Requirement:
When you return the lines below, go from the first through the line with "板東俘虜収容所の姿を平和のシ", keep them exact, and leave out every picture.

Dataset excerpts:

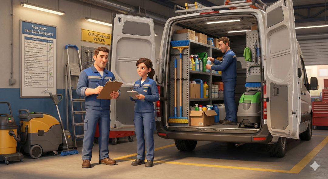Оперативный резерв: В мобильных бригадах должен быть запас расходных материалов (химии, салфеток) на 2-3 смены автономной работы.
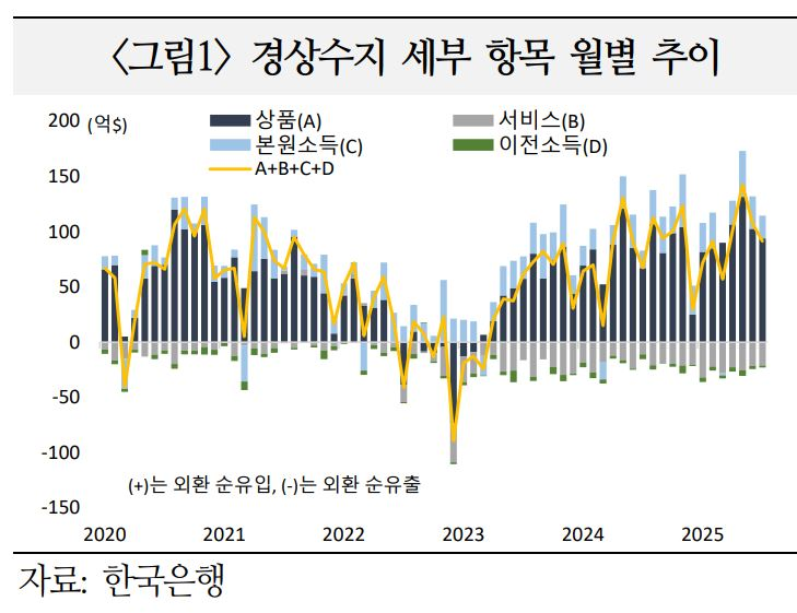 ㅇ 경상수지는 금년 들어 대규모 흑자 기조를 회복(1~8월 누적, `24년 $559.4억 → `25년 $693.0억)하고 향후 전망도 개선*되는 등 안정적인 외환 공급 경로로 작용할 것으로 예상
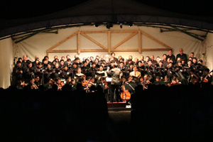 板東俘虜収容所の姿を平和のシンボルとして世界に発信するため、初演の時刻に合わせて演奏会が開催されました。
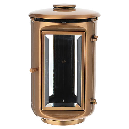 Diseñada para uso exterior en cementerios y realizada con acabado bronce y construcción compacta.
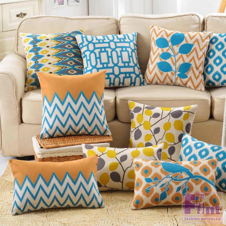 Главное, чтобы выглядело выразительно. Играйте на контрасте: если в целом интерьер у вас холодных оттенков, то подушки подбирайте в тёплой цветовой гамме. Или же наоборот.
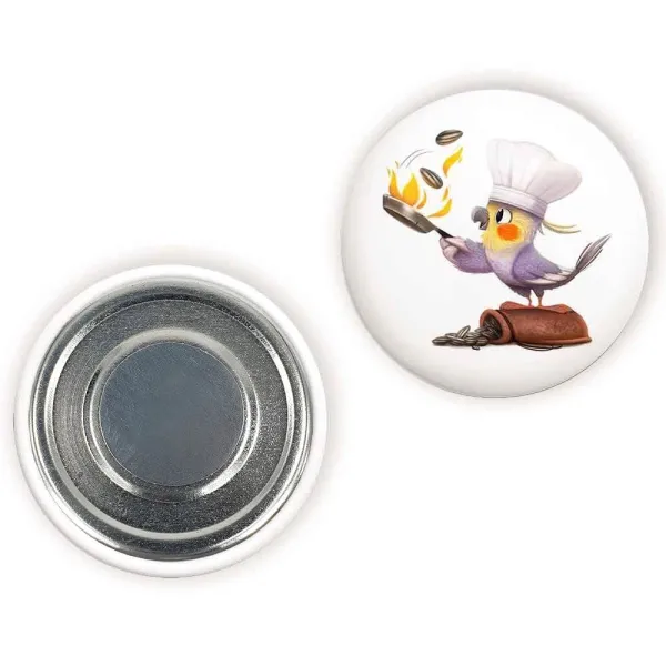 مگنت پرنده خندالو با روکش سلفون مات مخملی ضدخش و قطعه پشتی فلزی تولید شده است که آهنربای اتمی بکار برده شده در محصول، بصورت مخفی تعبیه شده ودیده نمی شود. ضمن اینکه گیرایی بسیار بالایی داشته و به هیچ عنوان از روی یخچال نمی افتد.
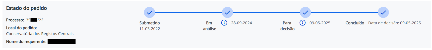 @svidalrj oi tudo bem? Poderia informar se o processo de neto era de menor de idade ou maior de idade +75 anos com prioridade? Poderia postar um print da tela de acompanhamento omitindo informações sensíveis quanto ao número do processo etc, por gentileza? Pq até então o que tínhamos era que Lisboa tava analisando os pedidos de junho de 21, ver esse salto pra setembro seria de muita felicidade pra quem tá aguardando kkkkkkkk
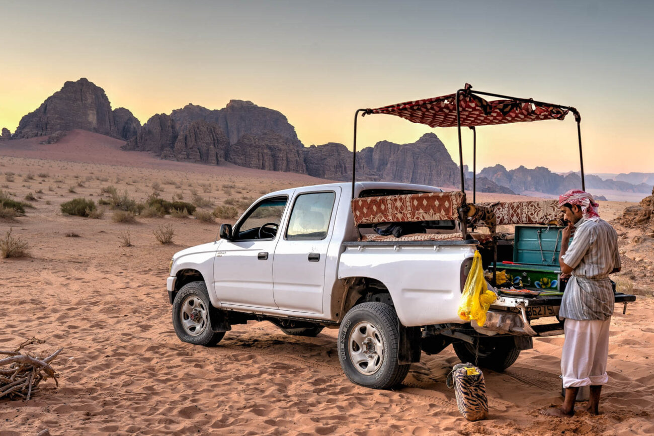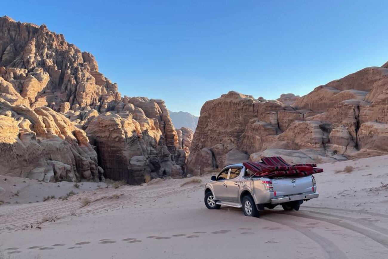 Jeep tours are the best way to get to know what Wadi Rum has to offer. Our jeeps are comfortable and modified to the desert environment. Our English-speaking drivers drive slowly, so you have time to enjoy driving around the deserts and canyons of Wadi Rum. You’ll have time to stop, go out, take pictures, wander, climb, scramble, explore, and even enjoy a cup of delicious Bedouin tea in one of the bedouin tents in the desert. However, you can ask the driver to stop at any place and time – it’s your journey and you can go at your own pace.
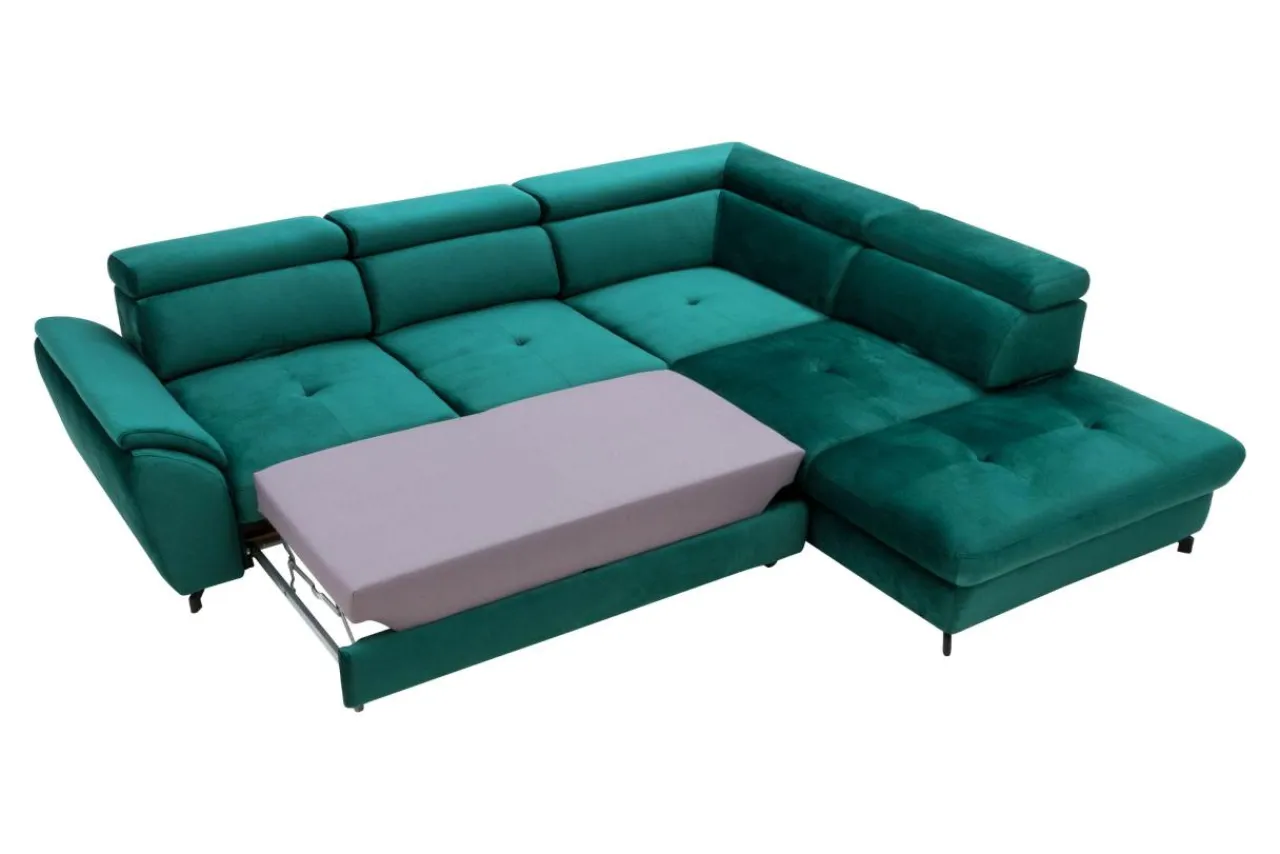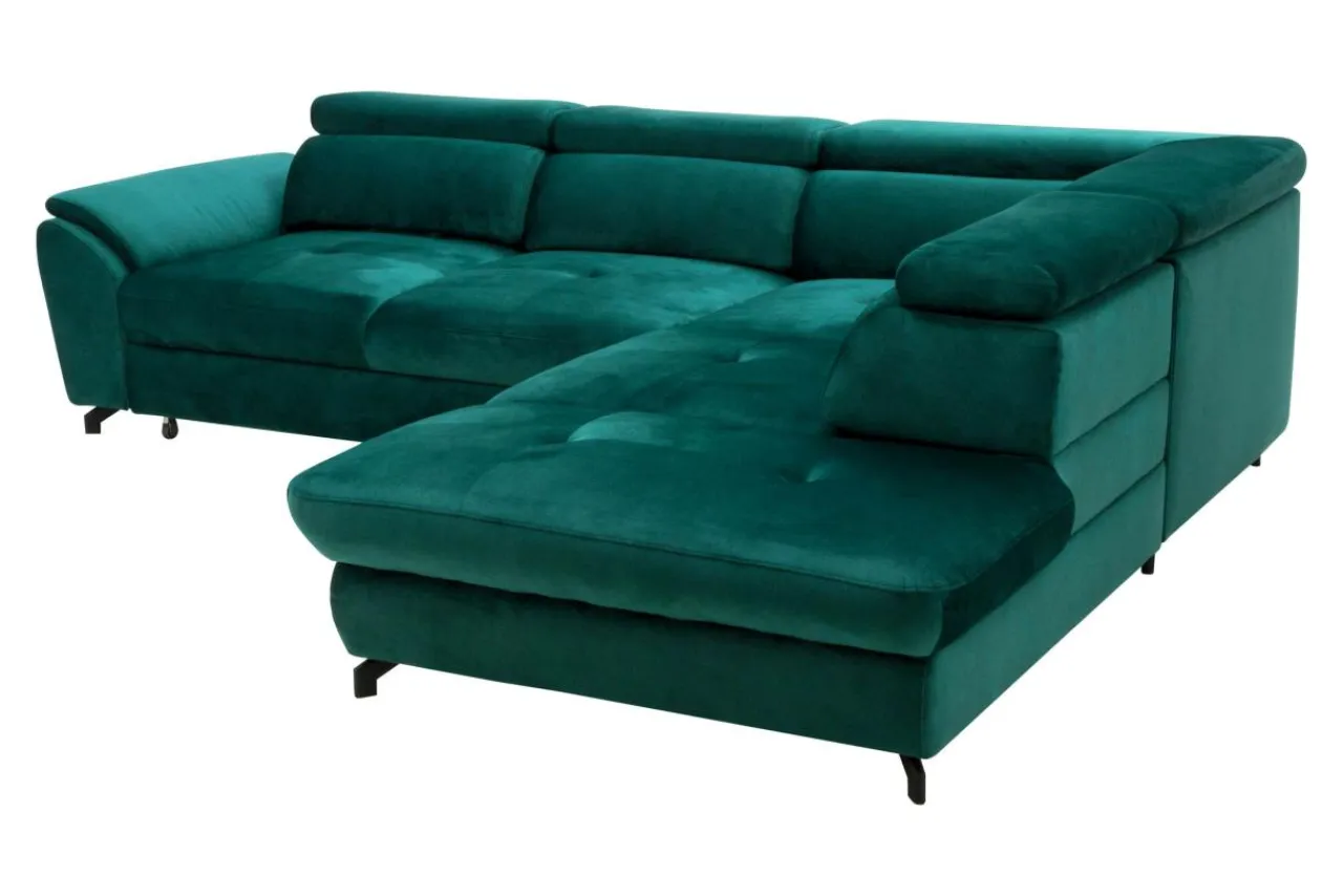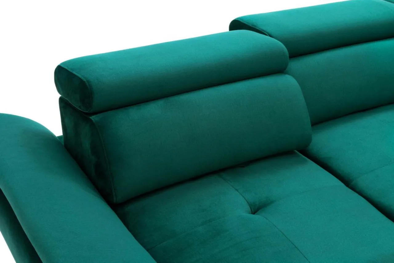 Narożnik ustawiono na eleganckich nóżkach wykonanych z metalu i malowanych na czarno. Świetnie wyglądają na tle szmaragdowego koloru tkaniny. Tkanina MONOLITH to ma wysoki współczynnik odporności na ścieranie, pokryta jest hyrdrofobową powłoką WATER REPELLENT. Zabezpiecza ona tkaninę przed natychmiastowym wsiąkaniem rozlanych płynów do jej wnętrza dając nam więcej czasu na odsączenie plamy.
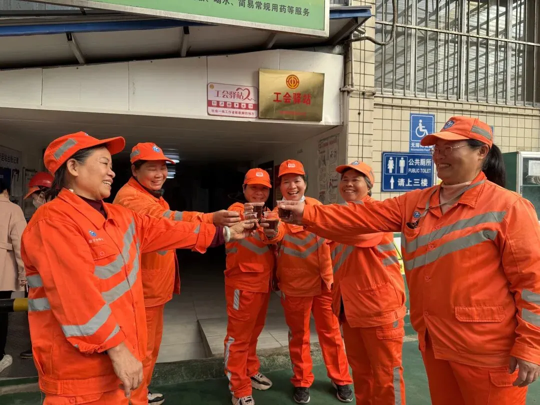 各工会驿站工作人员提前精心熬制好姜茶。驿站外设置的“暖心姜茶供应点”前很快排起长队,身着橙色工作服的环卫工人结束清晨清扫工作后,纷纷来到工会驿站有序领取姜茶。一杯杯暖饮驱散了冬日的寒意,每一个人的脸上都洋溢着幸福与满足。
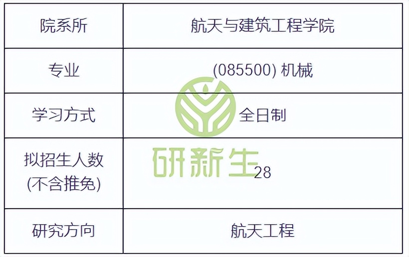 机械专硕是天津工业大学强势学科,有多个院校招生,下面展示的事航天与建筑工程学院,全日制拟招28人,研究方向是航天工程。
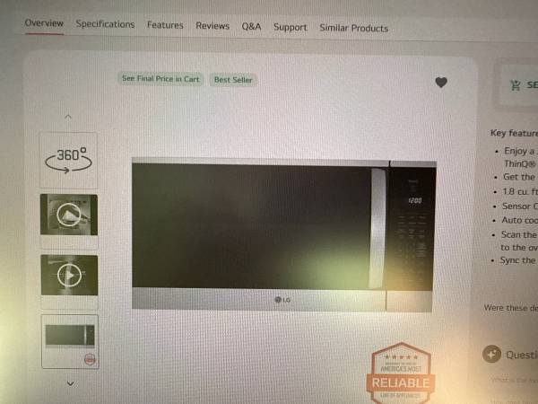 Purchased a year ago for a rental but didn’t work out so never used. Currently on sale at LG for $270. Dimensions are on the last photo and other info can be found at the link below....
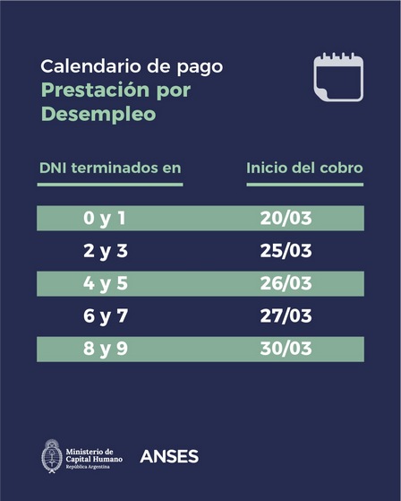 El jueves, mañana, la Asignación por Desempleo se abonará para quienes tienen DNI en números 4 y 5.

Answer area:
Оперативный резерв: В мобильных бригадах должен быть запас расходных материалов (химии, салфеток) на 2-3 смены автономной работы.
 ㅇ 경상수지는 금년 들어 대규모 흑자 기조를 회복(1~8월 누적, `24년 $559.4억 → `25년 $693.0억)하고 향후 전망도 개선*되는 등 안정적인 외환 공급 경로로 작용할 것으로 예상
 板東俘虜収容所の姿を平和のシンボルとして世界に発信するため、初演の時刻に合わせて演奏会が開催されました。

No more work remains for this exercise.